In the copy, keep every line below as it is and leave out the pictures.

Study material: Begin

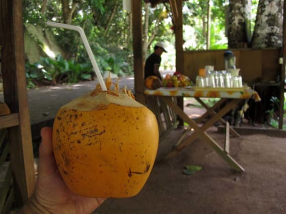 A reddish yellow coconut known as coco rouge grows on La Digue and makes a sweet, refreshing drink.
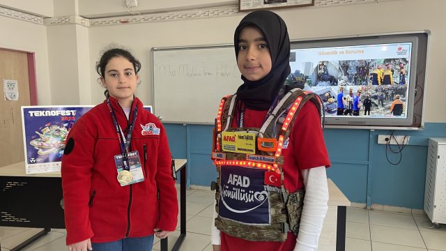 Van'ın Bahçesaray ilçesinde 2020'de yaşanan ve 42 kişinin hayatını kaybettiği çığ faciası ile 6 Şubat'taki Kahramanmaraş merkezli depremlerden etkilenen Mevlana İmam Hatip Ortaokulu 6'ncı sınıf öğrencileri Betül Yıldırım ile Nudem Taşkesen, arama-kurtarma ekipleri için 'akıllı yelek' geliştirdi. Öğrenciler, akıllı yeleği, Türkçe öğretmenleri Ferhan Ulu eşliğinde 5 ay boyunca çalışıp, 2 bin TL'ye mal etti. Proje, aynı zamanda Teknofest'te 'İnsanlık Yararına Teknoloji Yarışması-Afet Yönetimi' kategorisinde Türkiye birincisi oldu. Başta AFAD olmak üzere afetlere müdahale eden ekiplerin giymesi için tasarlanan akıllı yelek, personele ilişkin bilgi veriyor. Yeleği giyen bir personelin 3 dakika hareketsiz kalması durumunda, uyarı sistemi devreye giriyor. 3 kilogram ağırlığındaki yelekte; otomatik aydınlatma sistemi, hayati organları korumak için metal plaka, tehlikeli gazlara karşı gaz sensörü, şarj işlemleri için 12 bin miliamper batarya sistemi, iletişim ve koordinasyon için uzaktan çalışan renkli sistem ile kaza ve baygınlık durumunu algılayan ikaz sistemi bulunuyor.
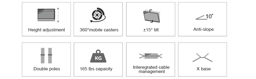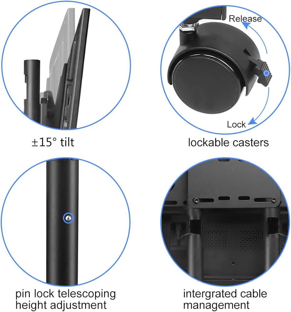 - قابل للتعديل - الارتفاع من 39 بوصة إلى 56 بوصة (عرض المناظر الطبيعية فقط)؛ الميل من +15 درجة إلى -15 درجة
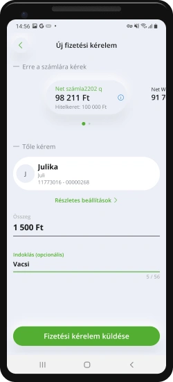 Elmentett partnereidnek és új címzetteknek is küldhetsz fizetési kérelmet, ha máshol bankolnak is.
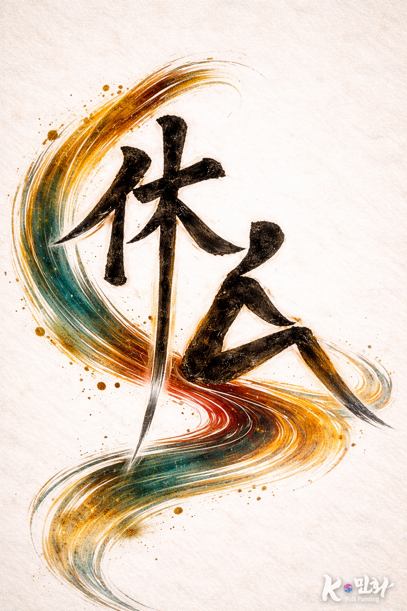 K-민화 김학영 기자 | 한자 ‘休’휴는 단순한 쉼의 기호가 아니다. 사람人이 나무木에 기대어 숨을 고르는 순간, 그 형상에는 삶의 리듬과 존재의 회복이 함께 담겨 있다. 이번 작품은 이 ‘休’의 의미를 문자 이전의 상태로 되돌려 놓는다. 글자는 해체되고, 획은 몸이 된다. ‘人’은 더 이상 읽히는 대상이 아니라 서 있는 존재가 되고, ‘木’은 배경이 아니라 세계를 지탱하는 축으로 작동한다.
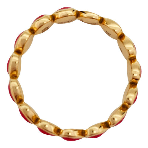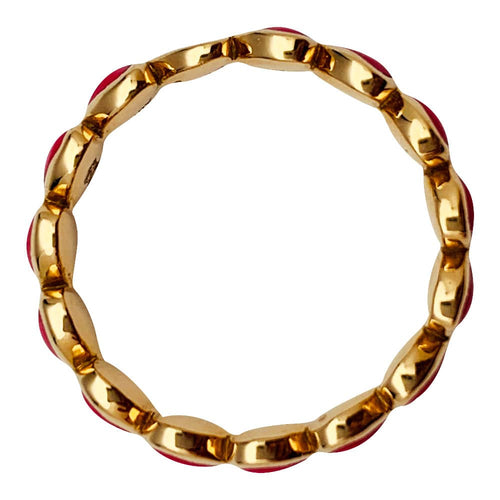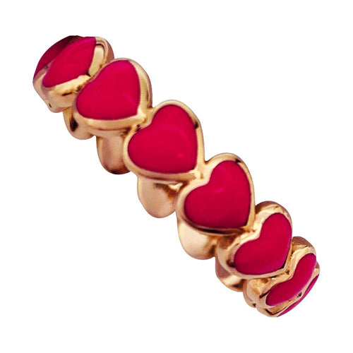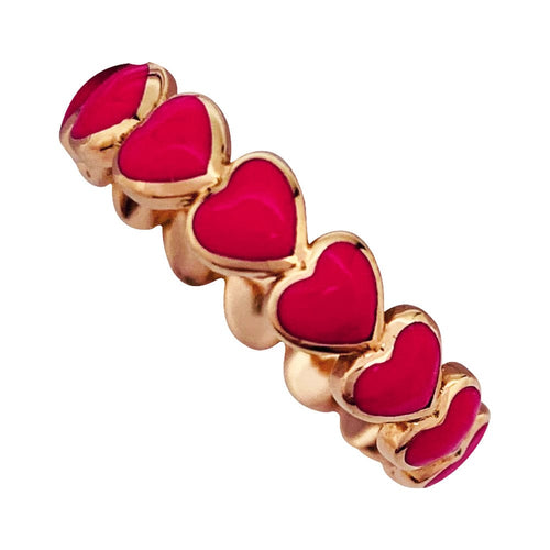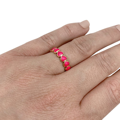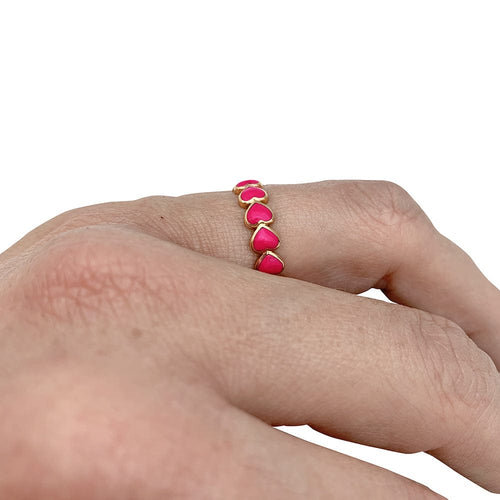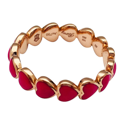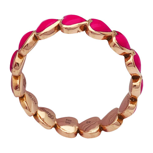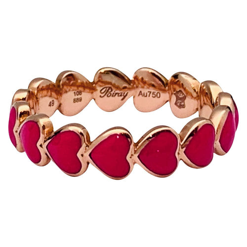 A ring branded Poiray, "Coeurs Perlés" collection, in 750/000 pink gold composed of a succession of small hearts enhanced with pink lacquer.
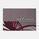 Le matelas de bienvenue présente un design abstrait et artistique moderne avec des tons de vin bordeaux et de gris avec des accents blancs et un message d'accueil personnalisé. La partie supérieure est composée d'un simple arrière - plan gris clair avec "bienvenue" présenté dans un script coque inférieur moderne. La partie inférieure est constituée de rubans gris, bordeaux, blancs et de couleur vin qui sont superposés et entrelacés pour donner perspective et profondeur à l'arrière - plan gris. Montré avec un message d'accueil personnalisé dans un script moderne, ce mat élégant est conçu avec du texte personnalisé et des graphiques vectoriels. Vous pouvez customiser en changeant le message d'accueil en texte de votre choix à l'aide du champ fourni. Customisez plus loin en accédant à la section calques pour visualiser les images et modifier la couleur arrière - plan ou d'autres éléments de conception selon votre goût, ou utilisez le bouton "contacter le concepteur" pour obtenir de l'aide. Bienvenue dans votre maison ou votre espace de bureau avec ce somptueux tapis décoratif. Les portes d'accueil sont une façon merveilleuse de saluer vos invités et des cadeaux de maison modernes réfléchis pour les nouveaux propriétaires dans votre vie.
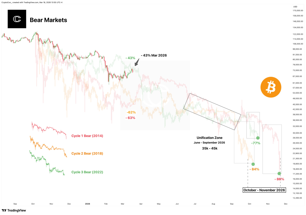 According to CryptoCon, the most likely next step is a decline to $45,000 and eventually $35,000. That’s where drawdowns from different cycles unify in a zone he calls the “Unification Zone” from June to September 2026.
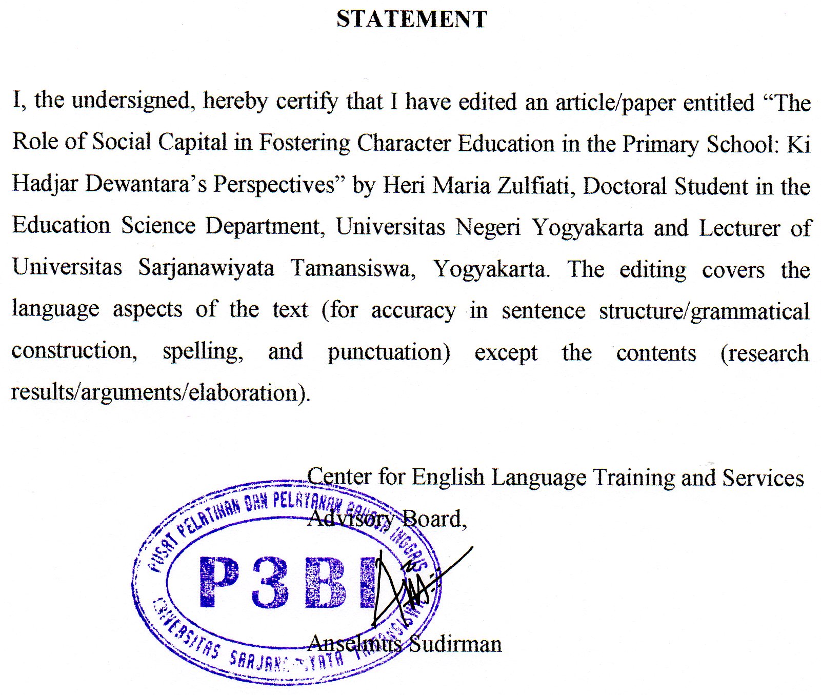 Kuntoro, Sodiq A. “Menapak Jejak Pendidikan Nasional Indonesia.” In Kearifan Sang Profesor : Bersuku-Bangsa Untuk Kenal-Mengenal, Sismono La Ode and M Rodhi As’ad (Eds.). Yogyakarta: UNY Press, 2016.

Study material: End

__Written answer__:
 A reddish yellow coconut known as coco rouge grows on La Digue and makes a sweet, refreshing drink.
 Van'ın Bahçesaray ilçesinde 2020'de yaşanan ve 42 kişinin hayatını kaybettiği çığ faciası ile 6 Şubat'taki Kahramanmaraş merkezli depremlerden etkilenen Mevlana İmam Hatip Ortaokulu 6'ncı sınıf öğrencileri Betül Yıldırım ile Nudem Taşkesen, arama-kurtarma ekipleri için 'akıllı yelek' geliştirdi. Öğrenciler, akıllı yeleği, Türkçe öğretmenleri Ferhan Ulu eşliğinde 5 ay boyunca çalışıp, 2 bin TL'ye mal etti. Proje, aynı zamanda Teknofest'te 'İnsanlık Yararına Teknoloji Yarışması-Afet Yönetimi' kategorisinde Türkiye birincisi oldu. Başta AFAD olmak üzere afetlere müdahale eden ekiplerin giymesi için tasarlanan akıllı yelek, personele ilişkin bilgi veriyor. Yeleği giyen bir personelin 3 dakika hareketsiz kalması durumunda, uyarı sistemi devreye giriyor. 3 kilogram ağırlığındaki yelekte; otomatik aydınlatma sistemi, hayati organları korumak için metal plaka, tehlikeli gazlara karşı gaz sensörü, şarj işlemleri için 12 bin miliamper batarya sistemi, iletişim ve koordinasyon için uzaktan çalışan renkli sistem ile kaza ve baygınlık durumunu algılayan ikaz sistemi bulunuyor.
 - قابل للتعديل - الارتفاع من 39 بوصة إلى 56 بوصة (عرض المناظر الطبيعية فقط)؛ الميل من +15 درجة إلى -15 درجة
 Elmentett partnereidnek és új címzetteknek is küldhetsz fizetési kérelmet, ha máshol bankolnak is.
 K-민화 김학영 기자 | 한자 ‘休’휴는 단순한 쉼의 기호가 아니다. 사람人이 나무木에 기대어 숨을 고르는 순간, 그 형상에는 삶의 리듬과 존재의 회복이 함께 담겨 있다. 이번 작품은 이 ‘休’의 의미를 문자 이전의 상태로 되돌려 놓는다. 글자는 해체되고, 획은 몸이 된다. ‘人’은 더 이상 읽히는 대상이 아니라 서 있는 존재가 되고, ‘木’은 배경이 아니라 세계를 지탱하는 축으로 작동한다.
 A ring branded Poiray, "Coeurs Perlés" collection, in 750/000 pink gold composed of a succession of small hearts enhanced with pink lacquer.
 Le matelas de bienvenue présente un design abstrait et artistique moderne avec des tons de vin bordeaux et de gris avec des accents blancs et un message d'accueil personnalisé. La partie supérieure est composée d'un simple arrière - plan gris clair avec "bienvenue" présenté dans un script coque inférieur moderne. La partie inférieure est constituée de rubans gris, bordeaux, blancs et de couleur vin qui sont superposés et entrelacés pour donner perspective et profondeur à l'arrière - plan gris. Montré avec un message d'accueil personnalisé dans un script moderne, ce mat élégant est conçu avec du texte personnalisé et des graphiques vectoriels. Vous pouvez customiser en changeant le message d'accueil en texte de votre choix à l'aide du champ fourni. Customisez plus loin en accédant à la section calques pour visualiser les images et modifier la couleur arrière - plan ou d'autres éléments de conception selon votre goût, ou utilisez le bouton "contacter le concepteur" pour obtenir de l'aide. Bienvenue dans votre maison ou votre espace de bureau avec ce somptueux tapis décoratif. Les portes d'accueil sont une façon merveilleuse de saluer vos invités et des cadeaux de maison modernes réfléchis pour les nouveaux propriétaires dans votre vie.
 According to CryptoCon, the most likely next step is a decline to $45,000 and eventually $35,000. That’s where drawdowns from different cycles unify in a zone he calls the “Unification Zone” from June to September 2026.
 Kuntoro, Sodiq A. “Menapak Jejak Pendidikan Nasional Indonesia.” In Kearifan Sang Profesor : Bersuku-Bangsa Untuk Kenal-Mengenal, Sismono La Ode and M Rodhi As’ad (Eds.). Yogyakarta: UNY Press, 2016.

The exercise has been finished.